I just assumed that all Moms go crazy at Christmastime. That OVERWHELM is the default mental state if you are raising children in December. It never dawned on me that it was an OPTION.
I was out walking my dog, trying to regain sanity while my brain popped like popcorn: “gift for teacher”, “toy for toy drive”, “red shirt for Christmas play”, “marshmallows for class party”, “bake for cookie exchange”, “photos for calendar”, “wrap secret santa gift”, and on and on and on…… I go for a walk to try and calm my brain down enough to figure out how to celebrate my husbands December birthday (can I get a shout out for everyone who has a b’day in their family this month!?!). As I’m walking, I see my neighbor. She is one of those Moms whose house is always clean, who never raises her voice to her kids, never gets frazzled and is the nicest person you will ever meet. But still it’s December, surely she must be challenged this time of year. She asks how am I and I tell the truth, that I am “coo-coo in la cabeza” trying to keep track of all the extra stuff that shows up this time of year. I ask her, “You must be going nuts! You have FIVE kids, three who are homeschooled, you keep a busy social calendar, aren’t you overwhelmed by all the details?” She looked at me quizzically and sweetly said, “Well……I have a lot of lists.”
I started asking around and would you believe, that there are Moms out there who DON’T feel overwhelmed with Christmas craziness? If you are intrigued by this phenomena like I am, keep reading to hack your Christmas and learn their secrets for staying calm and organized in December.

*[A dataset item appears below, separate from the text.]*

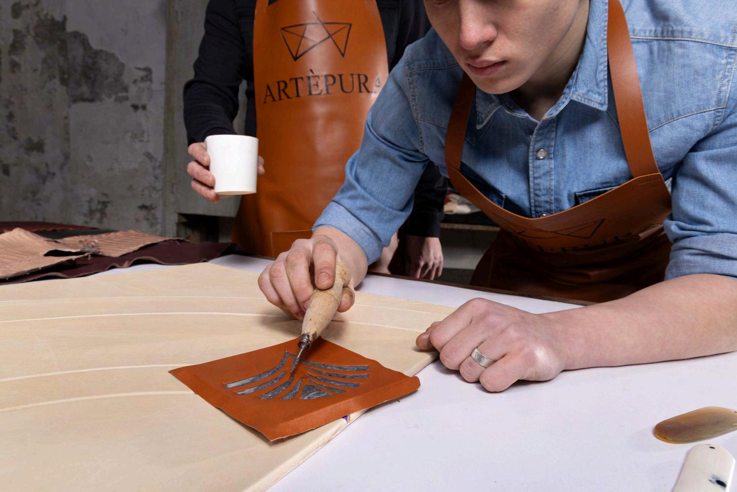 Thus Artèpura was born, a workshop of excellence in leather craftsmanship dedicated to creating wall decor, art design complements and decoration of surfaces Made in Italy. Our creations are a bridge between past and future, authentic works that transform surfaces into living sculptures, elevating spaces and offering new interpretations.

But first, you’ll want to figure out what thoughts were causing the overwhelm to start with. Before you can bring in a new way of doing things, you’ve got to take a look at the old, because that’s what kept you there in the first place. The thoughts that were keeping me stuck in The Land of Crazy were: 1. “This is a crazy time of year.” 2.”I don’t want to make a big deal out of Christmas.” 3. “I want to relax.” and 4. “I do all the work and nobody appreciates it.”
What I learned from talking with these organized, calm Supermoms is:
1. Crazy is optional. 2. Christmas IS a big deal when you are a Mom and pretending it isn’t causes me to procrastinate and create last minute stress. 3. Wanting to relax while my to-do list has tripled, is like trying to relax your way into the world series of motherhood. It’s not a match. I need to save relaxation for the 26th of December and connect to other values like excitement and accomplishment. 4. This “I do all the work and no one appreciates it” was really interesting for me. I realized that my kids excitement and appreciation had been my motivation in the past. Now that they were older and less enthusiastic, I wasn’t getting the same rewards but I was still doing all the work. It didn’t dawn on me to change Christmas to make it more fun for ME, it had always been about the kids.
If you have discovered the beliefs that have kept you in The Land of Crazy, and you feel ready to make a change, take a look at what keeps these Moms organized and calm throughout the holiday and see if anything inspires you.
They plan ahead –
“We take a family vacation every August so during that trip, I make sure to get a good photo to use for Christmas cards. Before I even unpack from the trip, I’ve ordered those Christmas cards, and any other photo related gifts, calendars, etc. The cards are addressed before my kids are back in school.”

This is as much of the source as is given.